2. After installing your own Globus system (version 4.0.8) or GSISSH-Term you have to download and install a so called "Chain of Trust". The basics for your "$GLOBUS_LOCATION/share/certificates/" or "~/.globus/certificates/" folder respectively may be downloaded from here:

   http://www.grid.lrz.de/res/globus/certificates.tar

   Since the certificates from this archive are sometimes deprecated you may also need to download some updates from:

   http://dist.eugridpma.info/distribution/igtf/current/accredited/tgz/

3. When everything is set up correctly you should be able proceed analogue to Section IV.

Section VIII: Renew your DFN Grid Certificate and your VO-membership (once each year)

Renewing the VO-membership

Twelve month after your VO bwGRiD registration you will get an automatic email "Your VO membership will expire". If you want to renew your VO-membership, please follow the instructions in that email:

• Therefore click on "re-sign" or "renew" in that email and authenticate yourself with your grid certificate as stored in the Firefox keystore. Hint: If you have not got an email with the link, the steps i to v of section III will guide you to the VO registration area.
• Navigate to page "Re-sign the Grid and VO AUPs" (see picture on the right). Hint: The "Member Info" area can only be expanded by clicking on the corresponding "[+]" sign.
• Please first read the "Grid and VO AUPs" by clicking on the corresponding link.
• Thereafter you can click on the "I have read and agree ..." button.

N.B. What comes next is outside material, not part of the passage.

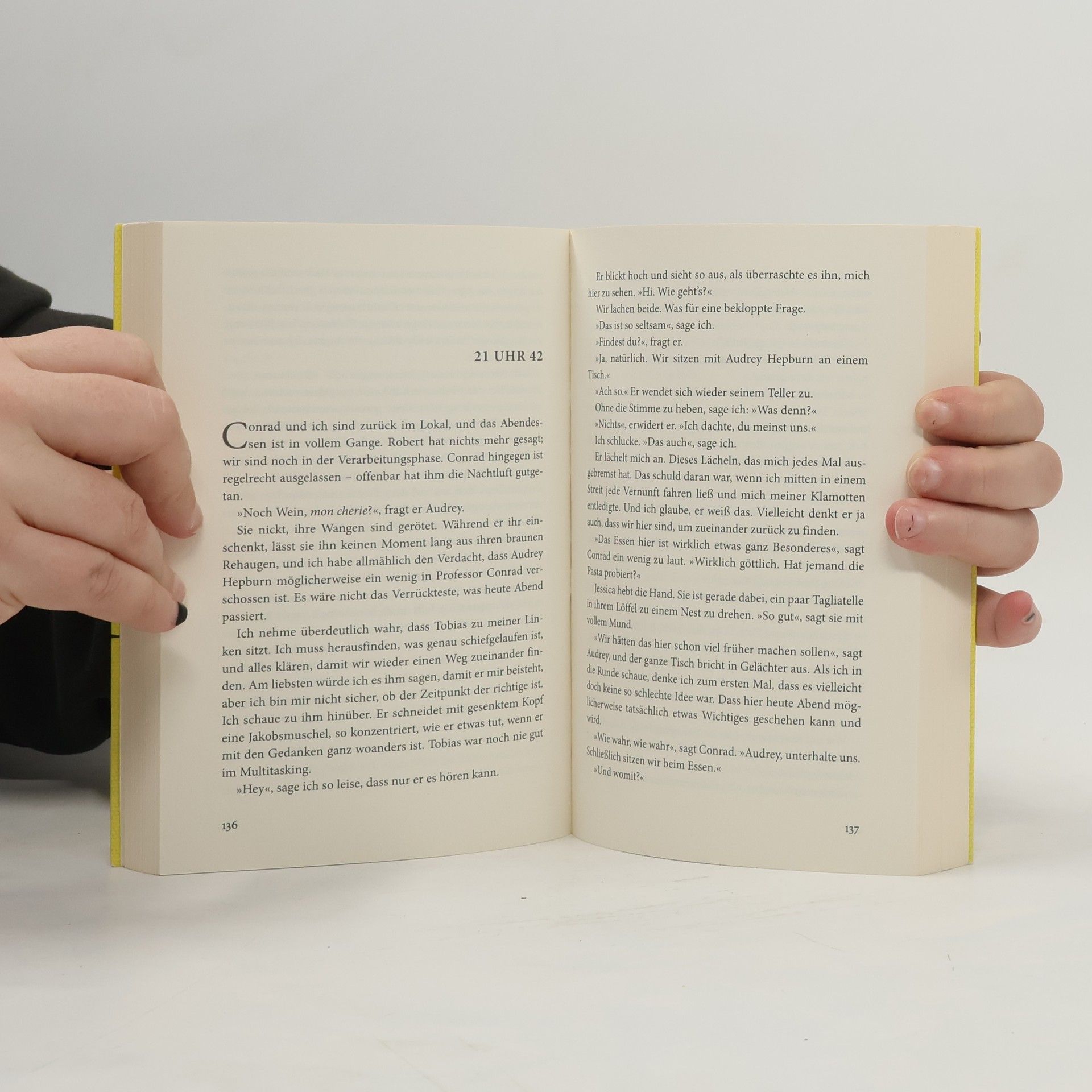 Es beginnt wie in einem Traum. Um halb acht Uhr abends betritt Sabrina ein New Yorker Restaurant, um nach guter alter Tradition mit ihrer besten Freundin Jessica Geburtstag zu feiern. Als sie durch die Tür tritt, traut sie ihren Augen nicht: Neben Jess erwarten sie dort in bester Feierlaune Sabrinas ehemaliger Philosophie-Professor, ihr Vater, ihr Ex-Verlobter Tobias – und Audrey Hepburn. Sie alle sind Wunschgäste einer geheimen Liste, die Sabrina vor langer Zeit anfertigte. Sabrina ist verzaubert und verwirrt, ihren Vater hat sie seit 20 Jahren nicht gesehen und Tobias, ihre große Liebe, stahl sich urplötzlich aus ihrem Leben. Darf sie auf eine zweite Chance hoffen? Und dann ist da ja auch noch Audrey Hepburn ...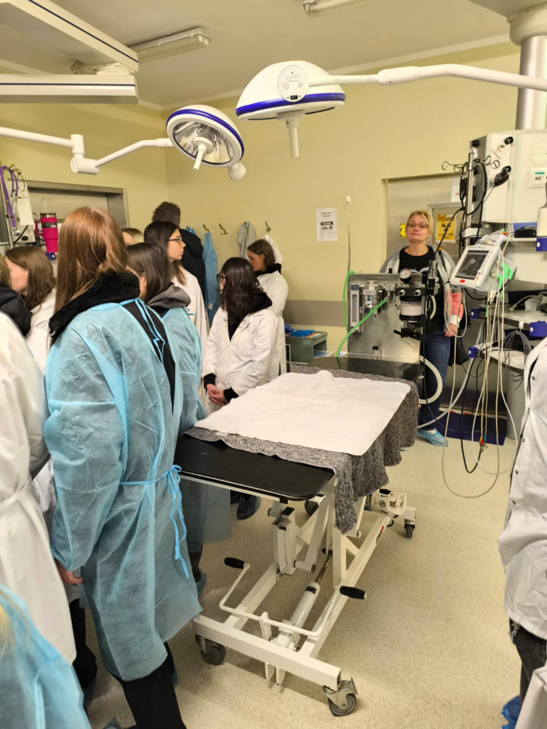 Klīnikas vadītāja Elīna Kaņka mums izrādīja klīnikas telpas un pastāstīja jauniešiem par klīnikas darbību.

Renewing the DFN Grid user certificate

Twelve month after creating your DFN Grid certificate you will get an automatic email "Ihr GridGermany Zertifikat wird ablaufen" which points out that your certificate will expire soon. If you want to renew your certificate please follow the instructions found in sections I, II and IV within this text. To renew the certificate it has to be recreated and you have to prove your identity again.

Please keep in mind that the DN (among other things your name and your department) of the new certificate is identical with the DN of your former certificate. Obviously this makes sense only if you are still working in the same department. In this case the VO registration of section III must NOT be repeated. Only re-signing the "Grid and VO AUPs" is required as described above in this section.

On the other hand please report changes of your DN (e.g. you're now a member of a new department and not a student anymore) during your identification appointment. We will then ask the VO-registration center (vomrs-admin(at)fz-juelich.de) to modify your VO-bwGRiD group membership accordingly.

The Grid RA of Ulm University has no immediate influence on the contents of these emails. They are created automatically by the DFN servers.